A Better Path: Knowledge, Incentives, and Trade-Offs
If Sowell’s ideas were better understood, public policy would be reoriented away from intentions and toward incentives, knowledge, and trade-offs - the true levers of social change.
Rather than presume that unequal outcomes are unjust, we would examine what creates success across groups: family structure, educational discipline, cultural capital, and time horizons. These are not fashionable topics, but they are empirically consequential.
In fact, Sowell’s international comparisons demonstrate how groups facing severe discrimination - such as Japanese-Americans during WWII or Jews in Eastern Europe - nonetheless succeeded over time due to cultural norms emphasising education, thrift, and strong family ties. In place of DEI mandates, we could support community-based interventions aimed at replicating those strengths, particularly in underserved communities. For instance, charter schools that emphasize academic rigor and parental involvement have shown outsized success in closing achievement gaps (Angrist et al., 2013).
Rather than fund unaccountable DEI offices, institutions could redirect resources toward open inquiry, transparent metrics, and need-based support, not race- or identity-based preference. Rather than mandate ideological training, we could foster an academic culture where disagreement is not punished, but welcomed.
These are modest proposals - but they flow from Sowell’s unflinching insight: that reality is not optional, and that when policies are judged by their results, not their rhetoric, justice is no longer a slogan - it becomes measurable.
Conclusion: The Return of Reality
The rise of DEI bureaucracies represents not a moral revolution, but a regression into tribalism under the guise of compassion.

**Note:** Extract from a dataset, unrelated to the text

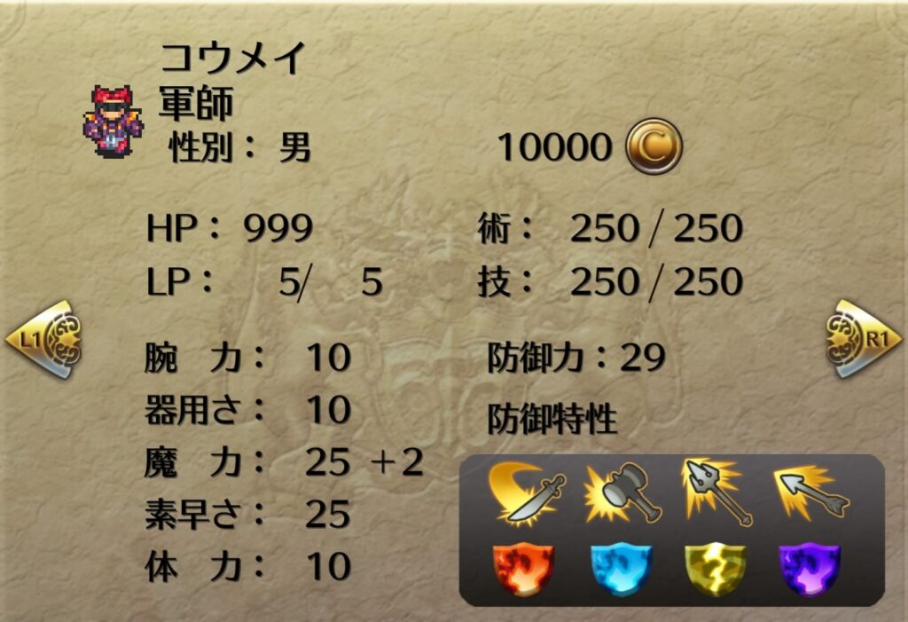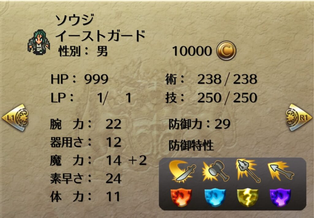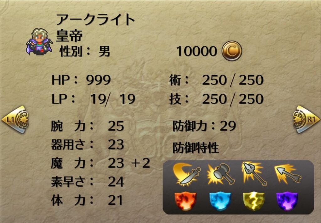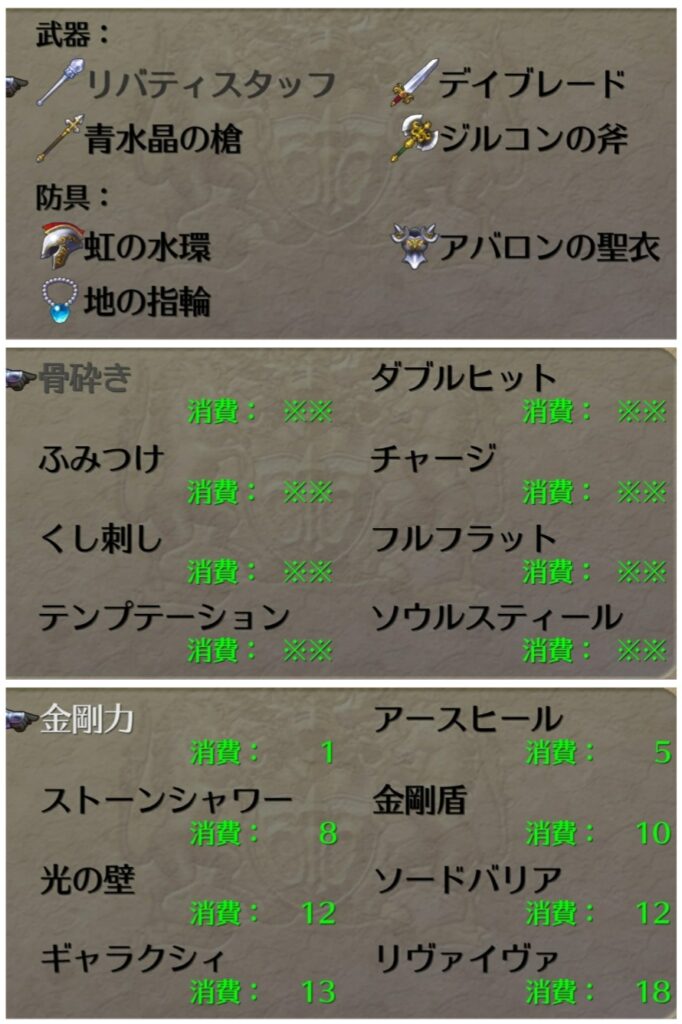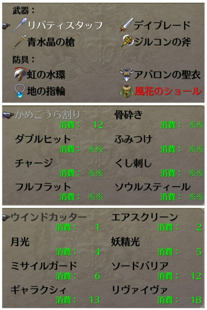 装備は皇帝と同じ。多周引き継ぎしているので実現可能となっている。地術使いがコウメイしかいない関係で金剛力を撒くのが面倒に感じたので、前衛各人は補正は落ちるがリバティスタッフの祝福で代用できるようにしている。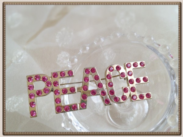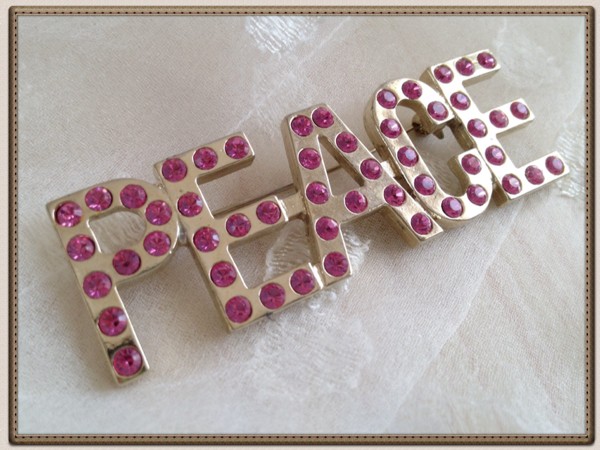 ★PEACE★ピンクのラインストーンが可愛いピースブローチ★

If we want to reclaim our institutions, we must reclaim the discipline of asking tough questions, tolerating unpopular truths, and holding visions accountable to results.
Thomas Sowell gave us the tools. He taught us to look not at what people say, but at what their policies do. He taught us that disparities are not crimes, that intentions are not outcomes, and that the true test of an idea is not how it feels, but whether it works.
We do not need new ideologies. We need the courage to reintroduce reality.
References
Dobbin, F., & Kalev, A. (2016). Why diversity programs fail. Harvard Business Review, 94(7-8), 52–60.
Flaherty, C. (2019). Diversity statements questioned. Inside Higher Ed. https://www.insidehighered.com/news/2019/10/08/some-say-diversity-statements-used-political-litmus-tests
Foundation for Individual Rights and Expression (FIRE). (2023). College Free Speech Rankings 2023. https://rankings.thefire.org
Mac Donald, H. (2020). The Diversity Delusion: How Race and Gender Pandering Corrupt the University and Undermine Our Culture. St. Martin’s Griffin.
Sowell, T. (1995). The Vision of the Anointed: Self-Congratulation as a Basis for Social Policy. Basic Books.
Sowell, T. (2018). Discrimination and Disparities. Basic Books.
Sowell, T. (2004). Affirmative Action Around the World: An Empirical Study. Yale University Press.
Diamond, R., McQuade, T., & Qian, F. (2019). The effects of rent control expansion on tenants, landlords, and inequality: Evidence from San Francisco. American Economic Review. 109(9), 3365–3394.